[ABOUT THIS TASK]: Print verbatim the lines from the beginning of the entries through the line containing "専有面積 | 61.1㎡ |", both ends included. Pictures should be left out.
++++++++++++++++++++
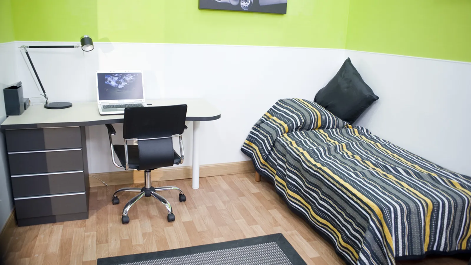 De esta manera tan sencilla, hemos cambiado la decoración de esta habitación. Además, como hemos escogido un material plástico, nuestra pared estará mejor preparada para soportar roces y su limpieza será más fácil.
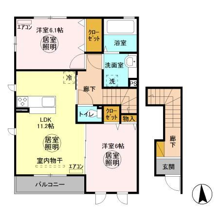 | 間取り | 2LDK | 間取り詳細 | LDK11.2 洋6 洋6.1 | 専有面積 | 61.1㎡ |
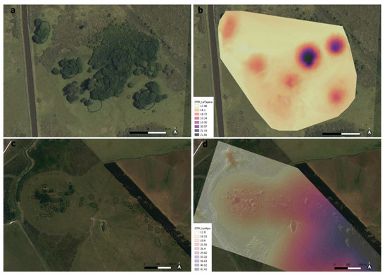 Geospatial record of earthworks in the field. (a,b) Orthoimage with GPS polygons of the different earthworks and DTM created via topography with total station of the La Tapera ensemble of mounds. (c,d) Orthoimage with GPS polygons of different earthworks and DTM created via drone photogrammetry of the Los Ajos mound site.
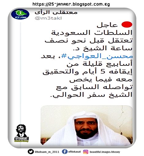 السلطات السعودية تعتقل قبل نحو نصف ساعة الشيخ د. #محسن_العواجي، بعد أسابيع قليلة من إيقافه 5 أيام والتحقيق معه فيما يخص تواصله السابق مع الشيخ سفر الحوالي.
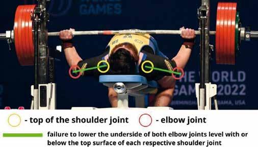 Penkkipunnerruksen hylkäämiseen johtavat syyt on lisätty (syykoodin väri on punainen): Nostaja ei laske molempien kyynärnivelten alapuolta kunkin vastaavan olkanivelen yläpinnan tasolle tai sen alapuolelle.
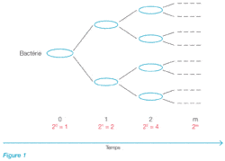 Théoriquement, une bactérie, placée dans un milieu convenable, peut se multiplier indéfiniment, par fission binaire. La croissance se fait selon une progression géométrique : 1, 2, 4, 8, etc. ou 20, 21, 22, 23,… 2n (où n = nombre de générations). Il s’agit d’une croissance exponentielle.
++++++++++++++++++++
[SOLVED PROBLEM]:
 De esta manera tan sencilla, hemos cambiado la decoración de esta habitación. Además, como hemos escogido un material plástico, nuestra pared estará mejor preparada para soportar roces y su limpieza será más fácil.
 | 間取り | 2LDK | 間取り詳細 | LDK11.2 洋6 洋6.1 | 専有面積 | 61.1㎡ |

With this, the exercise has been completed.